Bats thrive in liminal space.  They prefer when that secret spot when one thing changes into another, whether that be lighting (dusk and dawn) or habitat (stream edges, overhangs, and submerged branches).  Bats are the only mammal that can truely fly, and surprisingly they can also swim.  They travel freely from one environment to another, while other creatures are much more constrained.

Luck

With a large number of homophones (words that sound the same) in the Chinese language, a rich and intriguing relationship has developed between words and symbols. This vocabulary of symbolism can be seen in our friend the bat. The word “bat” (fu: 蝠) sounds identical to the word for “luck” (fu: 福) making good fortune the symbolic association of bat in Chinese culture. The bat, bringing us happiness and joy, is magnified when appearing in groups of five. This grouping is called wufu: 五福, and translates to the “five good fortunes”. They include long life, wealth, health, love of virtue and a peaceful death. Even more bat-like is that when displayed as a Chinese ideograph, Fú is often hung upside-down, as the words for “upside-down” (dào:倒) and “to arrive” (dào:到) are also homophones. Thus upside down luck and luck arrives sound the same.

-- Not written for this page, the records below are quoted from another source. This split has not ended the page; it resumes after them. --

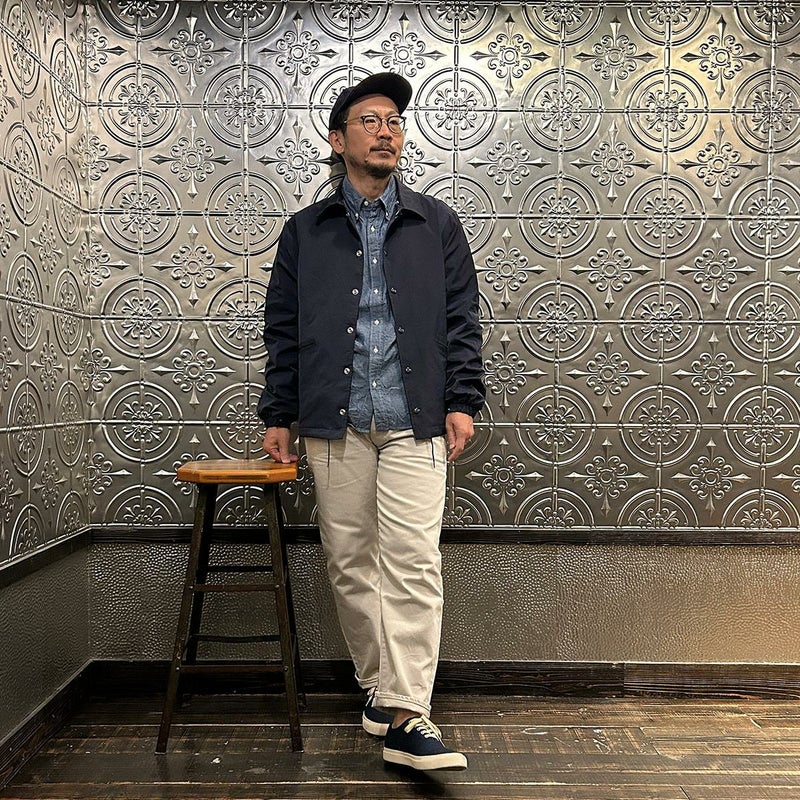 170センチ68キロやや肩幅広めの私の体型でサイズ選びは38サイズで丁度良い着用感です。この23秋冬シーズンから以前のフィットとは違ってゆったりとしたつくりのクラシックフィット仕様に変更。なので、38サイズでもインナーに地厚めのパーカーやスウェットを着てもゆったりとした着用感で羽織れます。アメカジ、スポーツスタイル好きな方にはオススメしたくなるアイテム。中にガッツリ着込めば冬でも着れますし、シャツやカットソーぐらいの軽めのアイテムを着て羽織るぐらいでしたら涼しい時期でも着れますからね。そういう意味では長いシーズン重宝して頂ける1着ですね。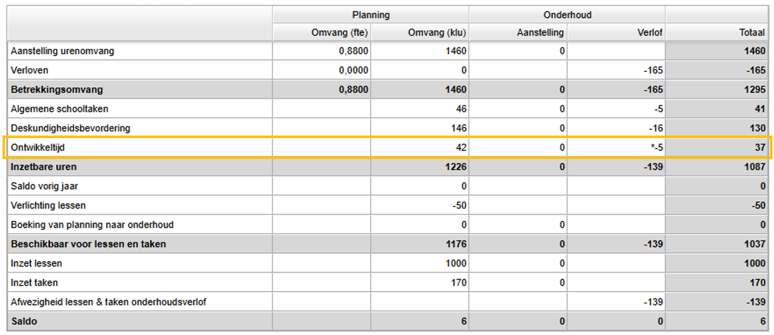 Bij Personeel > Formatie > Verlof onderhoud is mogelijk om handmatig vermindering van de ontwikkeltijd in te voeren.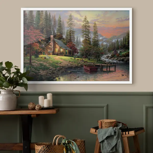 Poster Rustige hut aan de vredige rivier Nr f15556
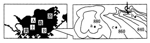5、综合题 读黄土高原区域简图及局部等高线图,完成下列问题(10分)

Basically, bats are good luck, no matter how you say it.

Perception

Hanging upside down, exploring the world when it is mostly asleep, Bat is a dream traveler who sees the world from an unusual perspective.  Instead of relying on sight, Bat feels his way through things – listening, sensing, and exploring things beyond the simple sense of sight.

Intuition

Bat is highly sensitive to his surroundings.   Considered a symbol of intuition, Bat carries “night-sight” representing the ability to see through both ambiguity and illustion, sensing the deeper truths.

Time

Day:  Night
Month:  October 
Season:  Summer, Fall 
Sabbat:  Samhain
Moon: Full
Planet:  Saturn
Zodiac:  Cosmic Bat (in Orion)

Magic

Chakra:  Brow
Tarot:   Hanged Man
Rune:  Unknown 
Archetype:  The Shadow 
Gods: Leutogi, Hades, Camazotz, Tzinacan
Nature Spirits: Vampire

Symbols

Stone:   Peridot, Obsidian,  Alexandrite
Herb:   Holly
Element:  Air
Number:  Unknown 
Direction:  Unknown 
Gender:  Both
Color:  Black, Red

The Science of Bat

Chiropterology

Latin Name: Myotis lucifugus (Little Brown Bat)
Family (Family): Vespertilionidae (Micro Bat Family)
Other names:
Group name:  A Cauldron or Cloud of Bats
Female: Female
Male:  Male
Baby: Pup, Battling
Type:  Mammal
Size: 8.0–9.5 cm
Weight: 0.19–0.44 oz
Life expectancy: 6-14 years
Sustainability:  Endangered

Behavior
Shelter

The little brown bat roosts in a sheltered place such as tree hollows, wood piles, or in protective man made dwellings during the day.  In my neighborhood, they prefer the lovely quaking aspen or sun warmed rock outcroppings.  It is when they are hibernating that these little creatures will prefer the stereotypical cave or old mine, with temperatures remaining above freezing and lots of humidity.

Range

The little brown bat is native to North America.  To the north, this little bat lives across all across Canada, and as far south as Southern California.  Look for them in karst landscapes, where the dissolving bedrock has created sinkholes, caves, and springs.

Diet

This little fellow forages along the edges of vegetated habitats and streams.  Its preferred feeding times are at dusk for a few hours and then again toward the dawn.  You will note that here is another example of thriving on the edges of both space and time.  Bat eats insects and spiders and lots of mosquitoes.  Pregnant females will consume more than half of their body weight each evening, with their needs growing further during lactation to approximately 85% to 125% of their body weight nightly.

Mating

Although they only mate seasonally in the autumn, Bat has a very promiscuous mating structure.  The fellows will only produce sperm from May to August, and then in the fall they will abandon their single sex roosts to “swarm” in temperary coed roosts, mating indescriminately – often without regard to gender.

Reproduction

So sperm production begins in May, copulation happens in the Fall, but egg fertilization takes place the following spring.  In the mean time, the sperm is simply stored inside the female until then.  Gestation will last for another 50–60 days following fertilization, usually producing a single pup.

Predators

Predators of the little brown bat include owls, raccoons, and house cats.  They also fall victim to parasites, rabies, and the disease white-nose syndrome, which is caused by the fungus Pseudogymnoascus destructans.

The Folklore of Bat

Proverbs and Sayings
African Proverb

He who wants to fly like a bat, must first learn to see in the dark. 

Turkish Proverb

The eyes of the bat are hurt by the light.

African Proverb

No matter how big the butterfly, it cannot be called a bat.

Hebrew Proverb

Three rebel against the light: the thief, the adulterer, and the bat.

Arab Proverb

More observant than a bat.

African Proverb

You cannot be a mouse and bat at the same time.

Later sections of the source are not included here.